Annotation-based strategies – variant level
Variants are first annotated based on the exact genomic coordinate and the observed nucleotide change. This includes assessing impact on transcripts, estimating impact on protein function, comparing to population variant levels and overlapping with clinical variant databases.
Variants are typically overlapped to a transcript model and stratified according to their impact using popular tools such as SnpEff, VEP or ANNOVAR [71–73]. High level genomic overlaps are first considered (e.g. inter-genic, intronic, exonic, etc.) and further refined by transcript effect when appropriate (e.g. exonic SNVs classified as synonymous or non-synonymous, exonic indels classified as frameshift or non-frameshift). Next, variants are run through functional inference tools to predict potential functional consequence of genetic variants. These tools utilise information including evolutionary conservation patterns, protein annotations and structural information to make predictions about the functional impact of genetic variants. Many tools exist including PolyPhen2 and SIFT [74, 75] for missense mutations and CADD for all variant types [76]. While these tools are useful, their results should be combined with other types of evidence as they are known to suffer from high false positive rates, particularly for variant subclasses such as pharmacogenetic variants [77, 78].

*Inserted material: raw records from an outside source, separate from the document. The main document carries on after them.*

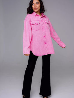 K12597 Джинсовая рубашка OVER SIZE РОЗОВЫЙ
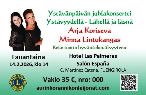 Toivomme, että voitte lunastaa perusliput tapahtumiimme Aurinkorannikon lippupisteiden kautta.
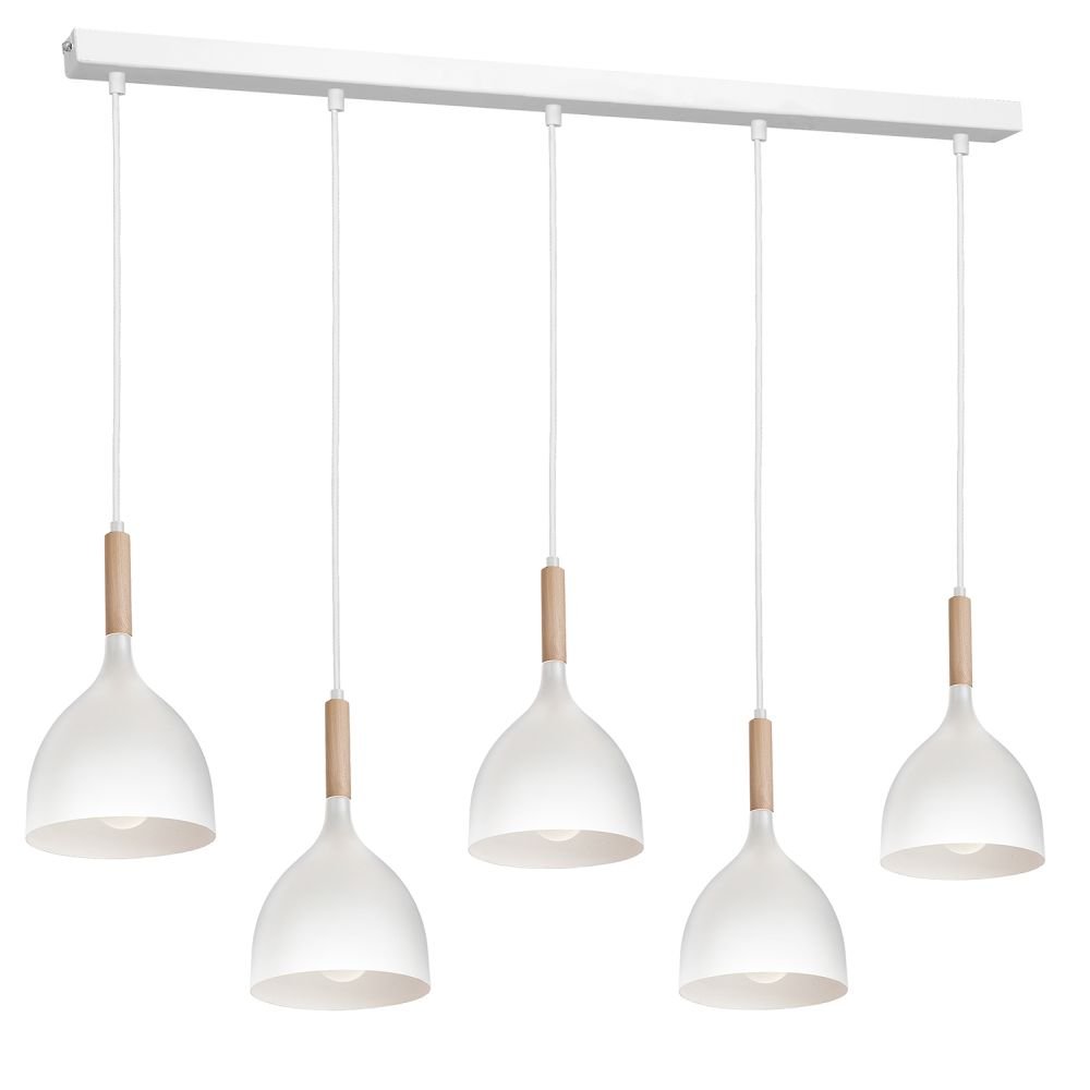 Biała lampa wisząca na listwie 5-punktowa NOAK WOOD 3711 Luminex
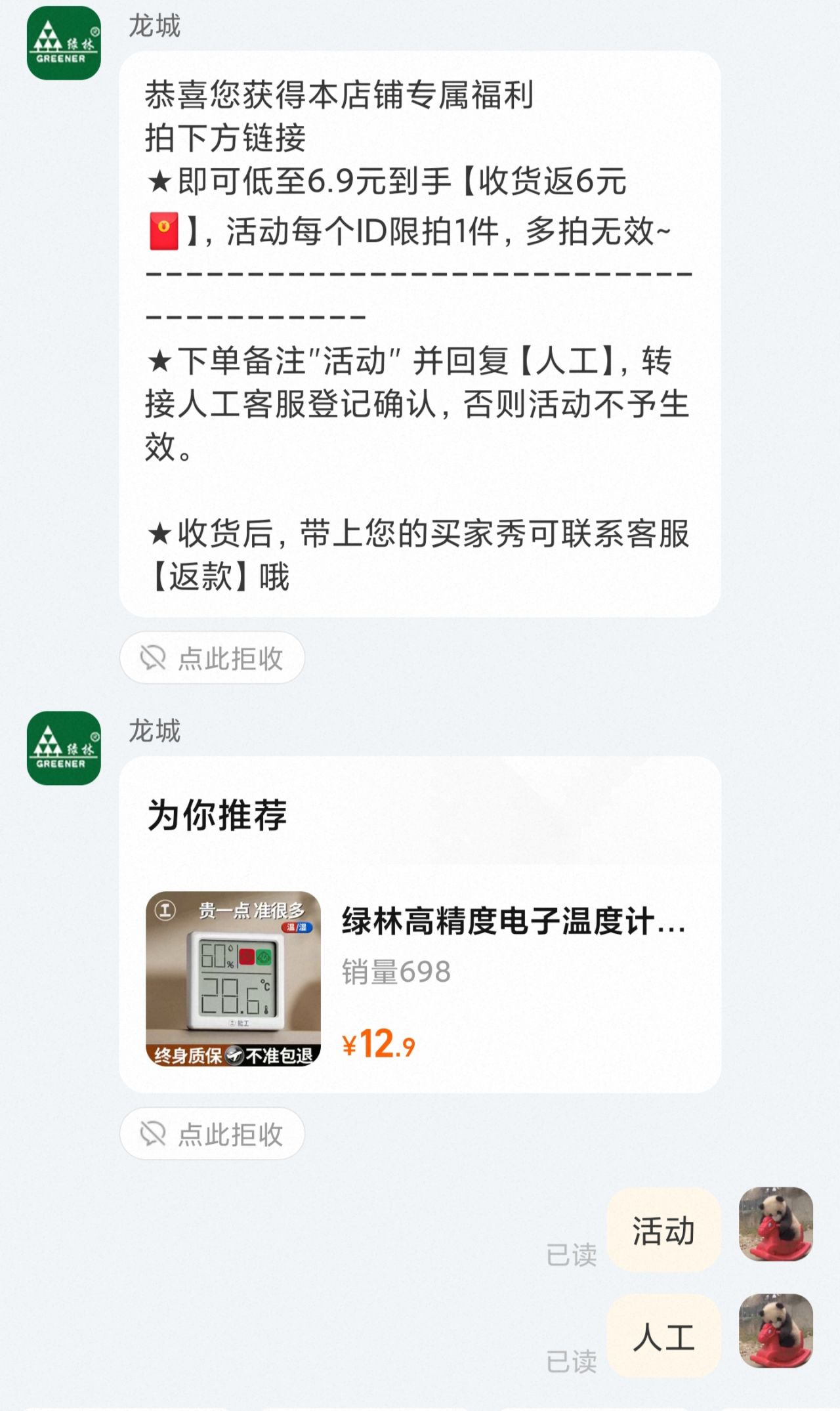 温度计是因为客服说有活动6元到手,以为碰上好事了,就直接买了
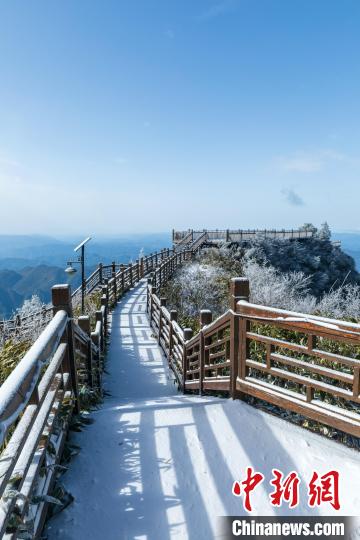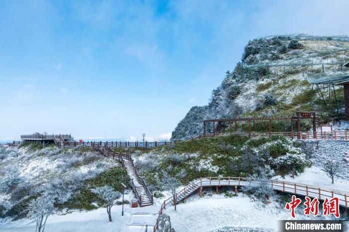 11月25日,受強(qiáng)冷空氣影響,四川省萬源市遭遇強(qiáng)降溫天氣。八臺山景區(qū)迎來了一場降雪,雪花紛紛灑灑,八臺山被裝點(diǎn)成了銀裝素裹的冰雪世界。鄭興平 攝
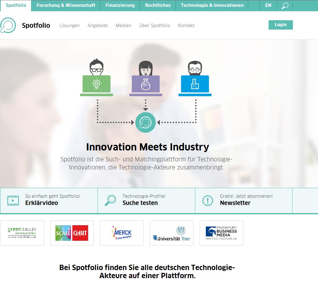 Die Spotfolio Such- und Matchingplattform für Technologie-Innovationen befindet sich im Internet unter www.spotfolio.com.
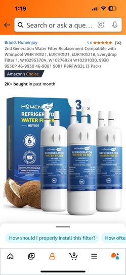 2nd Generation Water Filter Replacement For Refrigerator $25Buckeye, AZ
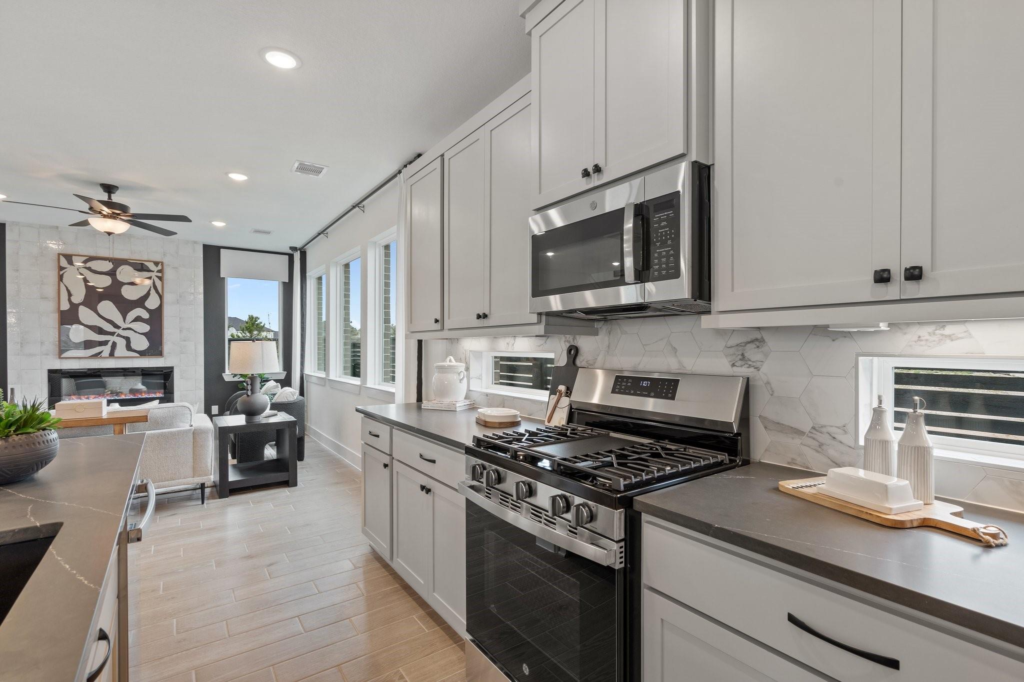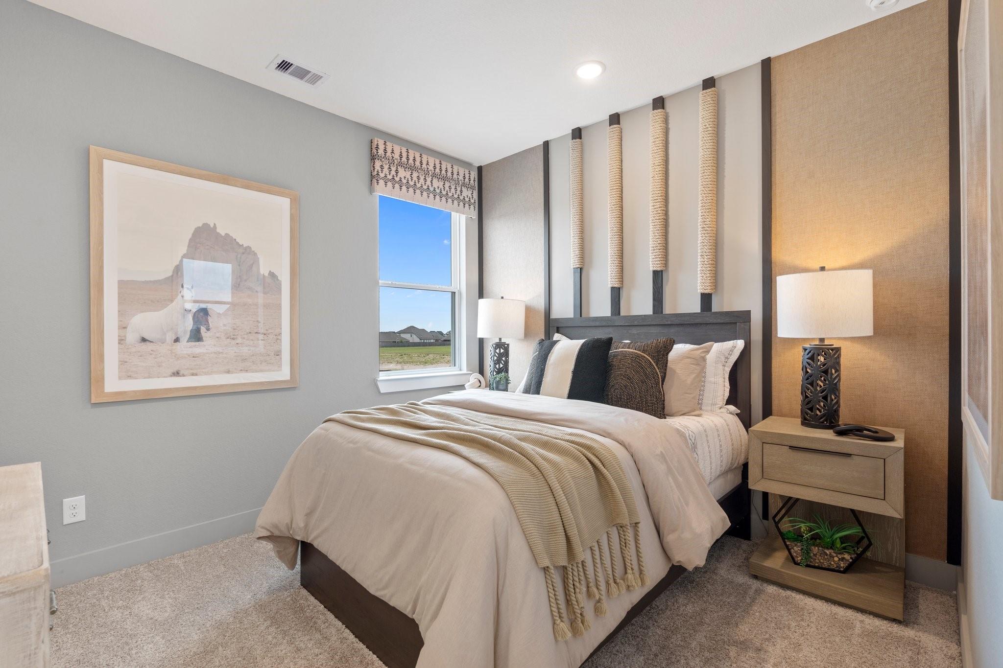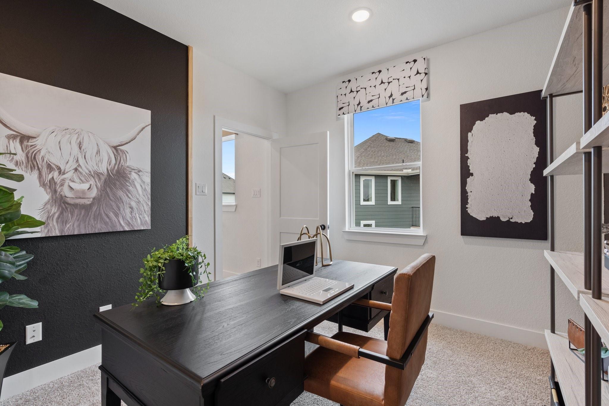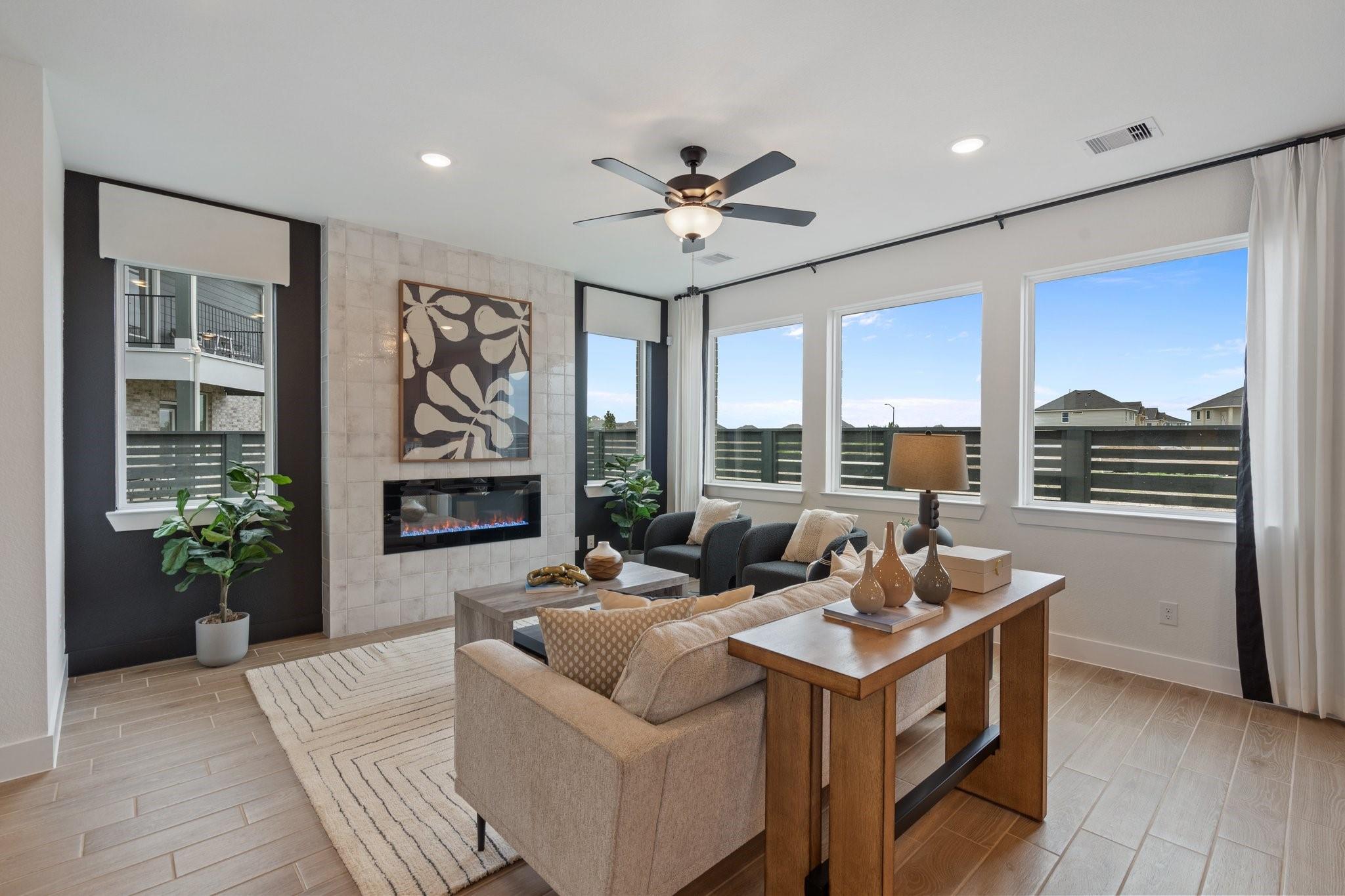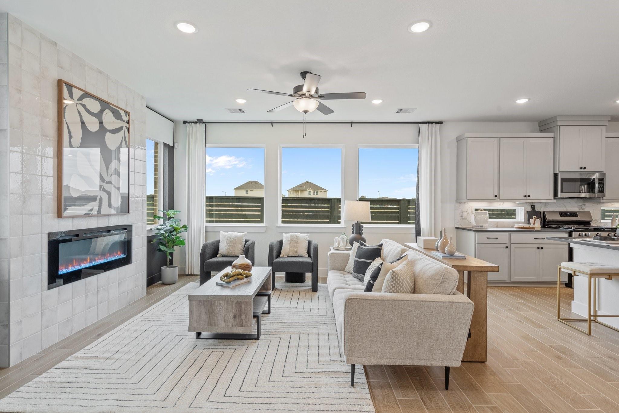 Fall in love with this courtyard two-story stunner featuring wide-open spaces and thoughtful design. The main floor offers a sprawling great room with a modern fireplace, a sleek quartz-island kitchen, and a dining area that flows to a spacious covered patio—perfect for relaxing outdoors. A versatile pocket office adds a private spot for work or hobbies. Upstairs, the owner’s suite is a true retreat with dual sinks, an oversized shower, and a walk-in closet. Secondary bedrooms surround a central flex space ideal as a game room or study. This home includes GE stainless steel appliances, blinds, security and sprinkler systems, full gutters, a fully sodded yard, and premium landscaping—all crafted for comfort, beauty, and ease. The Rosewood is ready to welcome you home.
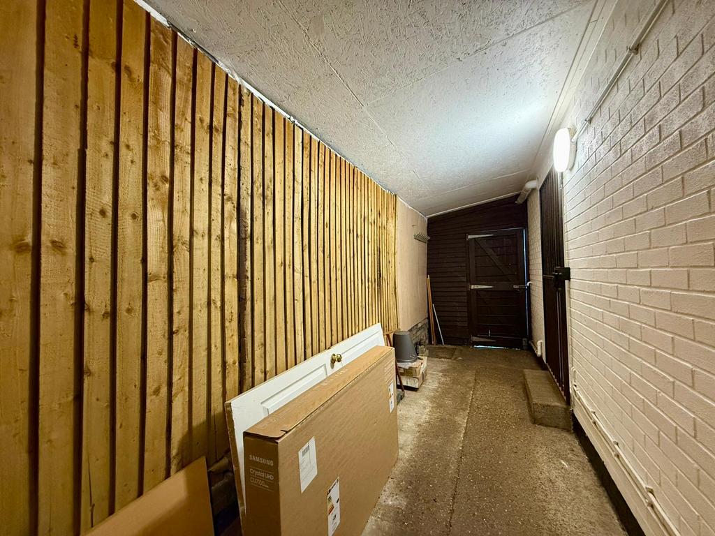 With driveway parking, a guest cloakroom, a full wet room upstairs, and four comfortable bedrooms, this home is designed for modern family living. The low-maintenance garden, framed by mature planting, provides a private space to relax, while the covered side storage leads to an extra garden room and provide extra space that could potentially be used as home office, gym or additional storage.
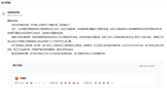對此,名為“山東留言辦理”的ID號12月8日在該條留言下回復稱,齊河縣人社局進行了調查處理:近日,山東萊鋼永鋒鋼鐵有限公司根據(jù)部分員工訴求,制定了安置政策,該安置政策以尊重員工意愿為前提,由員工自愿選擇與公司協(xié)商解除勞動合同并領取經濟補償,或選擇不解除勞動合同維持工作狀態(tài),該政策并非強制性政策。
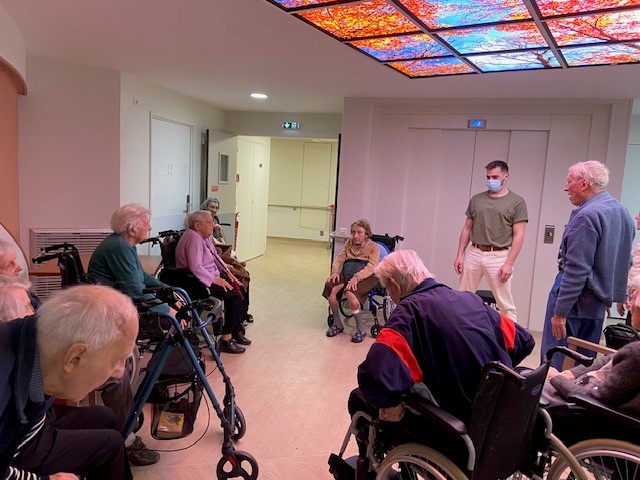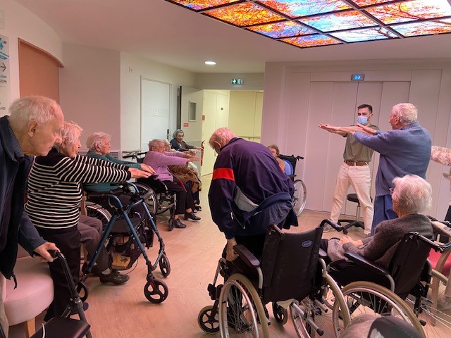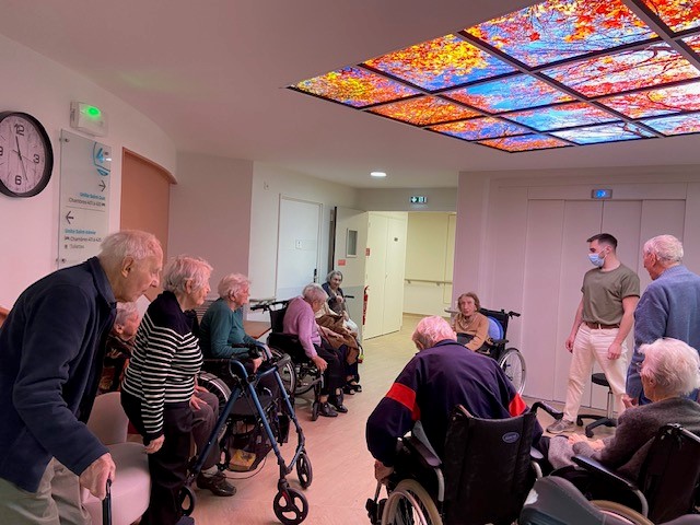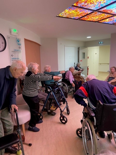 Les kinésithérapeutes qui interviennent aux Amandines proposent des ateliers collectifs de gymnastique, de prévention des chutes dans les salons des étages. Beaucoup de résidents participent à ces ateliers.
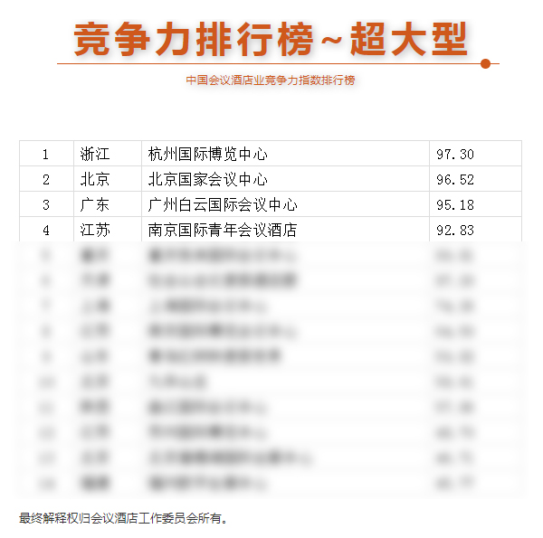 本屆榜單按照酒店的規(guī)模體量分為超大型、大型、中型、小型四個類別,從上一年度承接會議數(shù)量和規(guī)模、會議室容量和數(shù)量、客房總數(shù)、渠道客評、經(jīng)營數(shù)據(jù)等多方面進行綜合評價,經(jīng)數(shù)據(jù)調(diào)研、專家評審等多個環(huán)節(jié)細致評估,得到了相對客觀準確的評選結果。國青酒店憑借自身場地優(yōu)勢、對會議客戶市場的探索及挖掘、專業(yè)的會議接待服務,贏得了專家評委及企業(yè)買家的認可,在榜單中以總分92.83的好成績位列全國第四。
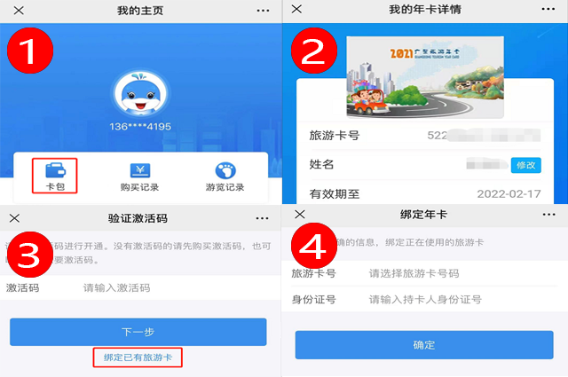 答:进入公众号,点击“用户中心”-“个人中心”,然后点击“卡包”,将需要绑定至其他wx的“旅游卡号52开头”复制下来,然后重新绑定的wx进入“粤游汇”公众号,点击“激活年票”,选择“绑定已开通年卡”,输入身份证和复制的旅游卡号即可绑定。

Until recently, a significant limitation in the annotation of protein features was the lack of comprehensive protein structures for all human proteins. AlphaFold successfully generated extremely accurate protein structures for all human proteins offering new opportunities for variant prioritisation [79]. The accuracy of functional impact tools can be increased with AlphaFold integration by considering the structural context of genetic variants [79]. AlphaMissense was subsequently developed based on AlphaFold2 predictions and fine-tuned using human and primate variant frequency databases [80]. Over time AlphaMissense (and subsequent developments) are likely to play a big role in improving functional impact metrics [81]. Overall there are many options for variant functional annotation (e.g. ENSEMBL Variant Effect Predictor (VEP), ANNOVAR, SnpEff) and functional inference prediction (Polyphen2, SIFT, CADD, AlphaMissense). Table 1 summarises several options including their relative strengths and weaknesses.
Table 1.
Variant annotation tools
| Software (Class) | Strengths | Weaknesses |
|---|---|---|
| VEP (Functional annotation) | Open source; supports web, CLI, and API usage; annotates coding/non-coding variants via Ensembl & RefSeq models; integrates allele frequencies, pathogenicity scores & phenotype databases; customizable output & filtering options; regularly updated. | Complex output with multiple transcript annotations; requires filtering to simplify; non-coding annotations require additional configuration; plugin setup can be complex; slower performance on large datasets without caching. |
| ANNOVAR (Functional annotation) | Broad annotation support (e.g., RefSeq, gnomAD, CADD); flexible framework; efficient variant filtering; fast runtime. | Lower HGVS accuracy (93.3% concordance); limited support for complex/structural variants; requires manual database updates; not optimised for polygenic traits; collapses transcript isoforms. |
| SnpEff (Functional annotation) | Fast annotation for high-throughput pipelines; supports multiple genomes & transcript models; Coding annotation accuracy (~ 89.8%) comparable to VEP. | Lower concordance for indels & frameshifts (< 75%); protein syntax often mismatches references; |
| Polyphen2 (Functional inference prediction) | Predicts impact of missense mutations based on protein structure and evolutionary conservation. | High false-positive rate for certain variant classes, does not handle non-missense variants. |
| SIFT (Functional inference prediction) | Missense variants prediction based on sequence conservation. | Lower accuracy for less conserved regions of proteins. |
| CADD (Functional inference prediction) | Combines 60 + annotations into a single impact score; ranks deleteriousness across coding & non-coding variants; Incorporates both simulated & observed variants for robust training; Machine learning (SVM) framework improves generalizability and prioritization. | Lacks variant-type specificity (e.g. splicing vs. missense); less precise for rare or population-specific variants ; computationally demanding for non-pre-computed variants; may inflate scores for non-coding variants. |
| AlphaMissense (Functional inference prediction) | Combines structure & conservation; high concordance with REVEL/CADD; effective for prioritizing pathogenic missense variants. | Still emerging; may inflate pathogenicity scores in some domains; needs further validation; accuracy varies across genes/proteins classes. |
Population level databases of variant frequency are a powerful tool for understanding potential biological impact of genetic variation both globally and within matched ethnicities. Assigning variant allele frequencies enables the identification of rare or novel variants, a group enriched for pathogenic variants [82]. Variant databases have grown progressively larger over time, however historically most variants were of European origin [82]. Databases such as dbSNP and 1000 Genomes are two of the earliest databases and have proved invaluable for assigning variant frequencies [83, 84]. The Genome Aggregation Database, commonly known as gnomAD, is a more recent entry providing a comprehensive and publicly accessible repository that aggregates genomic data from a diverse range of populations [85]. It provides a wealth of information regarding the frequency and distribution of genetic variants across the human genome [86]. Critically, population databases have recognised the importance of incorporating non-European individuals, however many groups remain underrepresented [87].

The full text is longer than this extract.